22 With regard to that point, it should not be forgotten that, according to settled case-law, article 36 of the treaty must be interpreted strictly, the exceptions therein contained may not be extended to cases other than those expressly referred to and, furthermore, the article refers to non-economic matters ( judgment of 19 december 1961 in case 7-61 commission v italy ( 1961 ) ecr 317 and judgment of 7 february 1984 in case 238-82 duphar v netherlands ( 1984 ) ecr 523 ).
23 Article 13 of law no 308, however, according to the explanations supplied by the italian republic during the procedure before the court, was designed to achieve two objectives of an economic nature concerning both energy policy and research and development policy. Application of article 36 of the treaty must therefore be excluded.

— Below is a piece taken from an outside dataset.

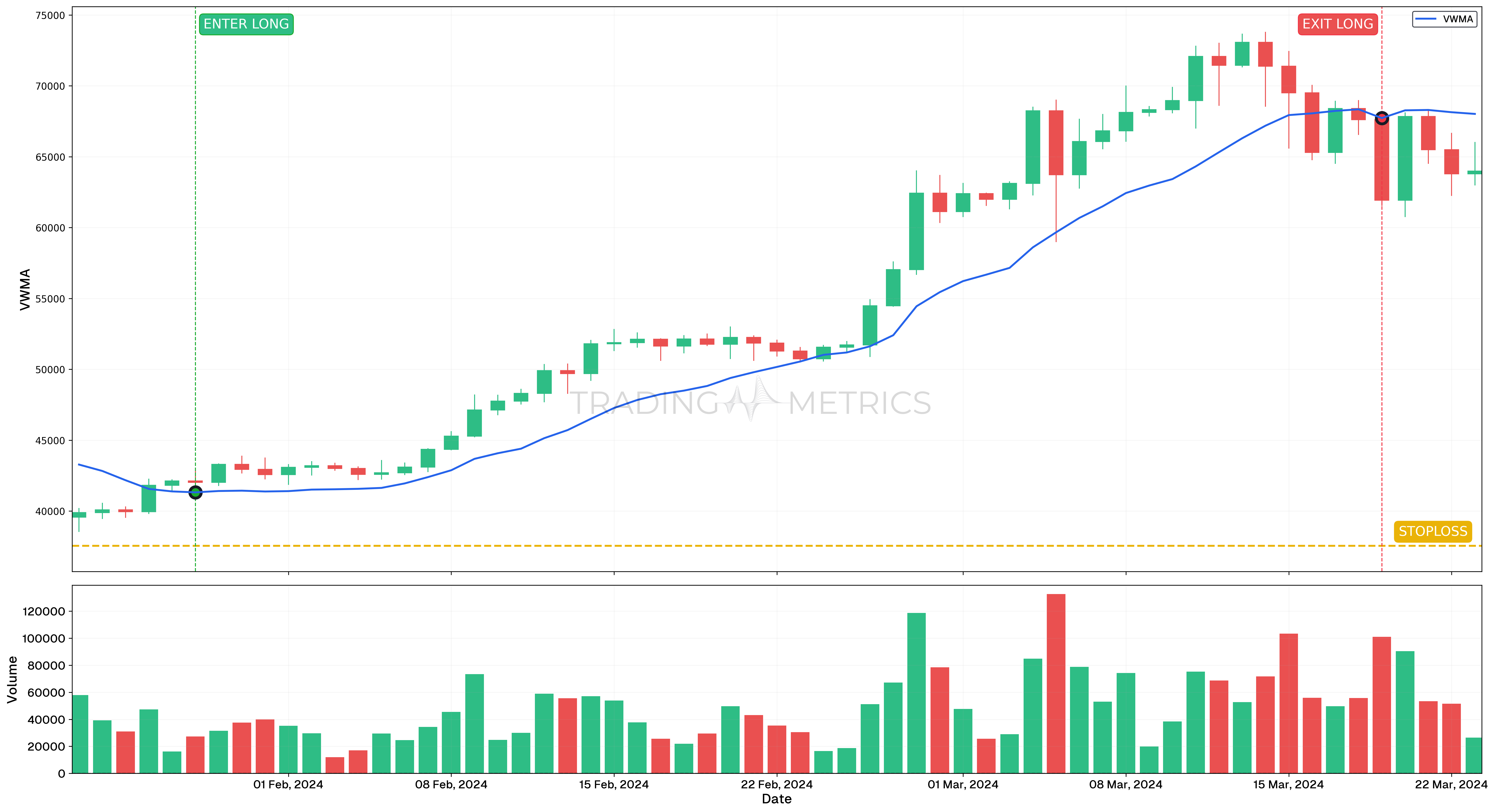 • Exit: Position closed on March 19, 2024, when the VWMA rose above the candlestick, signaling potential downward movement.

24 On the basis of the foregoing, and in accordance with the court ' s previous decisions, including the judgment of 11 december 1985 ( case 192-84 commission v hellenic republic ( 1985 ) ecr 3967 ), it appears that the italian provision at issue, by virtue of the fact that it encourages the purchase of vehicles of national manufacture, must be regarded as a measure having an effect equivalent to a quantitative restriction on imports, and as such is prohibited by article 30 of the treaty.
25 It must therefore be held that by requiring municipal transport undertakings to purchase vehicles of national manufacture in order to qualify for the subsidies provided for in article 30 of law no 308 of 29 may 1982, the italian republic has failed to fulfil its obligations under article 30 of the eec treaty.
Costs
26 under article 69 ( 2 ) of the rules of procedure the unsuccessful party is to be ordered to pay the costs. Since the italian republic has failed in its submissions, it must be ordered to pay the costs.
On those grounds,
The court
Hereby:
( 1 ) declares that by requiring municipal transport undertakings to purchase vehicles of national manufacture in order to qualify for the subsidies provided for in article 13 in law no 308 of 29 may 1982 the italian republic has failed to fulfil its obligations under article 30 of the eec treaty;
( 2 ) orders the italian republic to pay the costs.